Мамед–бек понял намек, порозовел…
— Они молятся за тебя. Целуют твои руки…
Назлы, в сторонке наблюдавшая за Агабегим, только дивилась, с чего это так повеселела ее доченька.
— Няня! — Агабегим вдруг обернулась к ней. — Принеси мне воды, пить хочется…
Назлы заторопилась к дому.
Кокетливо потупившись, Агабегим оторвала губами лепесток и сказала, не глядя на Мамед–бека:
— Скажи, тебе никогда не приходит в голову, что у тебя есть амикызы и что она, словно пойманная птица, с утра до ночи тоскует здесь, под этими деревьями?!
— Ах, Бегим, знала бы ты, что творится сейчас на свете!.. Не сегодня–завтра шах перейдет Аракс!..
— Да пропади они пропадом: и шах и Аракс! — гневно воскликнула девушка. — Знать ничего не хочу! Просто ты забыл меня и все!
Мамед–бек засмеялся. Что он мог ответить на это?..
Агабегим подошла совсем близко, протянула руку к его кинжалу.
— Тебе смешно… — сказала она, трогая позолоченную рукоятку. — А я!.. А каково мне!..
Девушка закрыла руками глаза и горько заплакала. Слезы лились по щекам.

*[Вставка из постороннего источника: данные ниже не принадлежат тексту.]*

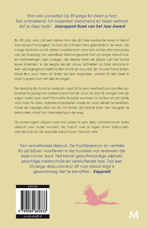 Verkozen tot Roman van het Jaar 2024 in Zweden ‘Wat een juweeltje! De 89-jarige Bo steelt je hart. Een ontroerend, tot nadenken stemmend en teder verhaal dat je diep raakt.’ Juryrapport Boek van het Jaar Award Bo, 89 jaar, was ooit een sterke man die zijn hele werkende leven in dienst was bij een houtzagerij. Nu laat zijn lichaam hem geleidelijk in de steek. Zijn rustige bestaan wordt zelden onderbroken door iets anders dan bezoekjes van de thuiszorg, het wekelijkse telefoongesprek met zijn enige vriend Ture, en herinneringen aan vroeger, die steeds meer de plaats van het echte leven innemen. In de leegte die zijn vrouw achterliet na haar opname in een verzorgingshuis heeft hij één troost en houvast: zijn trouwe hond Sixten. Maar Bo’s zoon Hans wil Sixten bij hem weghalen, omdat hij niet meer in staat is goed voor het dier te zorgen. De dreiging zijn hond te verliezen roept bij Bo een veelheid aan emoties op. Hoewel hij graag een betere band met zijn zoon wil dan hij vroeger met zijn eigen vader had, heeft hij moeite de juiste woorden te vinden om zijn liefde voor Hans te uiten. Aarzelend proberen vader en zoon elkaar te bereiken, maar de koppige strijd van Bo om Sixten, zijn laatste bron van vreugde, te behouden, staat hun toenadering in de weg. De kraanvogels vliegen naar het zuiden is een diep ontroerend en tedere roman over ouder worden, de macht over je eigen leven behouden, vriendschap en de speciale band tussen mens en dier. Boehandel en pers ‘Het ontroerende romandebuut De kraanvogels vliegen naar het zuiden won meerdere prijzen in eigen land, werd uitgeroepen tot Boek van het Jaar 2024 en verschijnt nu in 34 talen.’ Het Parool 'Een ontroerend boek, vol melancholie en menselijkheid. Traantje weggepinkt.' Rik van de Westelaken ‘Dit succesdebuut is een lofzang op de toewijding van de thuiszorg, en een boek over drie generaties mannen.’ Trouw ‘Prachtig. Mooi verteld, vol emoties.’ Anne de Jager, Boekhandel de Vries Zierikzee ‘Dit boek laat je in de belevingswereld van iemand met dementie stappen. Heel waardevol! De verslagjes van de thuiszorg maken het geheel nog inzichtelijker en weven het tot een prachtig boek!’ Josette Aerts, Boekhandel Dominicanen ‘Prachtig, geloofwaardig portret van een wankele vader-zoonrelatie.’ Zin Magazine ‘In haar debuutroman De kraanvogels vliegen naar het zuiden schetst de Zweedse schrijfster Lisa Ridzén het verhaal op een beheerste en liefdevolle manier.’ Noordhollands Dagblad / Leidsch Dagblad / Gooi- en Eemlander ‘Bo's pogingen om zijn zoon naderbij te komen en hem zijn liefde te betonen, zonder daarvoor de woorden of middelen in huis te hebben, zijn hartverwarmend beschreven. Het maakt maar weer eens duidelijk dat liefde voor onze naasten onze belangrijkste brandstof is.’ Happinez ‘Een mooi debuut van een jonge schrijfster, die de ouderdomslasten en de soms bijkomende betutteling treffend verwoordt.’ MAX Magazine ‘Een sensationeel debuut. De hoofdpersoon en verteller Bo zal blijven voortleven in de hoofden van iedereen die deze roman leest. Het bevat geloofwaardige wijsheid, prachtige melancholie en verbluffende taal. Dat een 35-jarige debuutauteur dit voor elkaar krijgt is gewoonweg niet te bevatten.’ Kapprakt ‘Een hartverscheurend mooi, ontroerend verhaal over de laatste zomer van een oude man. Een boek dat door iedereen gelezen zou moeten worden.’ ***** Dagbladet ‘Alles aan het personage Bo voelt zo oprecht aan en we komen zo dicht bij hem. Diep ontroerend.’ Länstidningen Östersund ‘Soms werd ik zo gegrepen door zijn koppige strijd om zijn hond Sixten te behouden, zijn laatste bron van vreugde in het leven, dat ik het boek bijna moest neerleggen. Behalve een aangrijpende weergave van ouderdom is Lisa Ridzéns roman ook haast subversief, met een vleugje rebellie in de beschrijving van Bo.’ Gefle Dagblad ‘Een werkelijk ontroerende leeservaring, zo nuchter en oprecht als een nummer van Johnny Cash. Een boek dat ervoor zorgt dat je meteen je vader wilt bellen om te vragen hoe het met hem gaat.’ Dagens Næringsliv ‘Dit is een prachtige, aangrijpende en zeer actuele roman, waarvan velen van ons wijzer zullen worden. Het is epische literatuur, een dijk van een debuut.’ ****** Nettavisen ‘Een sterk en subtiel debuut dat de lezer recht in het hart raakt.’ ***** Verdens Gang ‘Een teder verhaal over ouder worden, en de verborgen wreedheid van de liefde. Over wat het betekent om een man te zijn, en om een mens te zijn, over vaders en zonen en vaders en honden. Het is een boek voor iedereen die afscheid heeft moeten nemen. Het soort boek dat je aan iemand geeft als je probeert te zeggen “ik heb aan je gedacht”.’ Fredrik Backman, auteur van Een man die Ove heet

Мамед–бек обнял ее, осторожно привлек к себе. Девушка рыдала, прижавшись к его широкой груди.
Сейчас она чувствовала себя, как рыбак, что, прорвавшись сквозь бурю, достиг, наконец, берега. Здесь все безмятежно, спокойно, буря и опасности позади. Но даст ли ей счастье это пристанище, в котором ищет она прибежища и защиты? Тревога подступила к ее сердцу.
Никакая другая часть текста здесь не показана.